BUD-E is up and running: you can ai/natural_voice_assistant”>discharge and install it today from GitHub on an Ubuntu or Windows PC (macOS is coming), but it's very clearly in the early stages.
LAION brought together several open models to assemble an MVP, including Microsoft's Phi-2 LLM, Columbia's text-to-speech StyleTTS2, and Nvidia's FastConformer for speech-to-text. As such, the experience is a bit streamlined. Getting BUD-E to respond to commands in about 500 milliseconds (in the range of commercial voice assistants like Google Assistant and Alexa) requires a beefy GPU like Nvidia's. RTX 4090.
Collabora is working pro bono to adapt its open source text-to-speech and speech recognition models, WhisperLive and WhisperSpeech, for BUD-E.
“Building text-to-speech and speech recognition solutions ourselves means we can customize them to an extent that is not possible with closed models exposed via APIs,” Jakub Piotr Cłapa, ai researcher at Collabora and member of the BUD team. E, he said in an email. “Initially, Collabora started working (open wizards) in part because we were struggling to find a good text-to-speech solution for an LLM-based voice agent for one of our clients. “We decided to join forces with the broader open source community to make our models more accessible and useful.”
In the short term, LAION says it will work to make BUD-E's hardware requirements less onerous and reduce assistant latency. A longer-term task is to create a dialogue data set to tune BUD-E, as well as a memory mechanism that allows BUD-E to store information from previous conversations and a speech processing process that can keep track of several people talking. Right away.
I asked the team if accessibility was a priority, considering that voice recognition systems have historically not worked well with languages other than English and accents that are not transatlantic. A Stanford study found that voice recognition systems from Amazon, IBM, Google, Microsoft and Apple were almost twice as likely to mishear black speakers as white speakers of the same age and gender.
Brendel said that LAION does not ignore accessibility – but that is not an “immediate approach” to BUD-E.
“The first goal is to really redefine the experience of how we interact with voice assistants before generalizing that experience to more diverse accents and languages,” Brendel said.
To that end, LAION has some pretty wacky ideas for BUD-E, ranging from an animated avatar to impersonate the assistant to support for analyzing users' faces via webcams to take their emotional state into account.
The ethics of this last part (the facial analysis) are a bit uncertain, to say the least.
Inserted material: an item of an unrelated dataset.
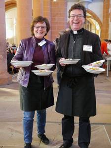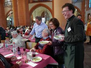 Bedient wurden die Gäste von außergewöhnlichem „Servicepersonal“: Neben Oberbürgermeister Prof. Dr. Eckart Würzner, seinen beiden Amtskollegen Wolfgang Erichson und Dr. Joachim Gerner sowie den Dekanen der beiden Kirchen servierten viele weitere prominente und ehrenamtliche Helfer aus der Stadt und den Gemeinden. „Ich fühle mich wie auf einem großen Familienfest“, beschreibt der Oberbürgermeister die heitere Stimmung in der gefüllten Kirche. „Man fühlt sich wohl und gut aufgehoben, in netter Gesellschaft“, fährt er mit einem Blick auf seine Tischnachbarn fort. Diese sind positiv überrascht von ihrer prominenten Bedienung: „Wann hat man schon mal die Gelegenheit, den Oberbürgermeister persönlich kennenzulernen?“, freut sich ein aus Mannheim angereister Gast. Seine Tischnachbarin aus Leimen ist rundum zufrieden: „Das Essen schmeckt wunderbar und das Schönste daran ist, dass heute einmal wir bedient werden!“

But Robert Kaczmarczyk, co-founder of LAION, stressed that LAION will remain committed to safety.
“(We) strictly comply with the ethical and safety guidelines formulated by the EU ai Law,” he told TechCrunch via email, referring to the legal framework governing the sale and use of ai in the EU. The EU ai Law allows European Union member countries to adopt more restrictive rules and safeguards for “high-risk” ai, including emotion classifiers.
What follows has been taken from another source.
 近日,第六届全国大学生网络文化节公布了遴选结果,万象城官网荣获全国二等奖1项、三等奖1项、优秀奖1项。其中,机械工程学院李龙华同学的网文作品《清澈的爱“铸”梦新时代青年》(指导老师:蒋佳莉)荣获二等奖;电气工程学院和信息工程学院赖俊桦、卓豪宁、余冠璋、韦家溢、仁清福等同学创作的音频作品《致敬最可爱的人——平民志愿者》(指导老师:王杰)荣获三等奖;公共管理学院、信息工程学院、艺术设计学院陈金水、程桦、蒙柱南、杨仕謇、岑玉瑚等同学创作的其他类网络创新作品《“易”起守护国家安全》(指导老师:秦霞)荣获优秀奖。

““This commitment to transparency not only makes it easier to identify and correct potential biases early, but also helps the cause of scientific integrity,” Kaczmarczyk added. “By making our data sets accessible, we enable the broader scientific community to engage in research that maintains the highest standards of reproducibility.”
LAION's previous work ai-models-rife-with-bias-2023-1″>It hasn't been pristine. in the ethical sense, and is currently carrying out a separate, somewhat controversial project on emotion detection. But maybe BUD-E is different; We'll have to wait and see.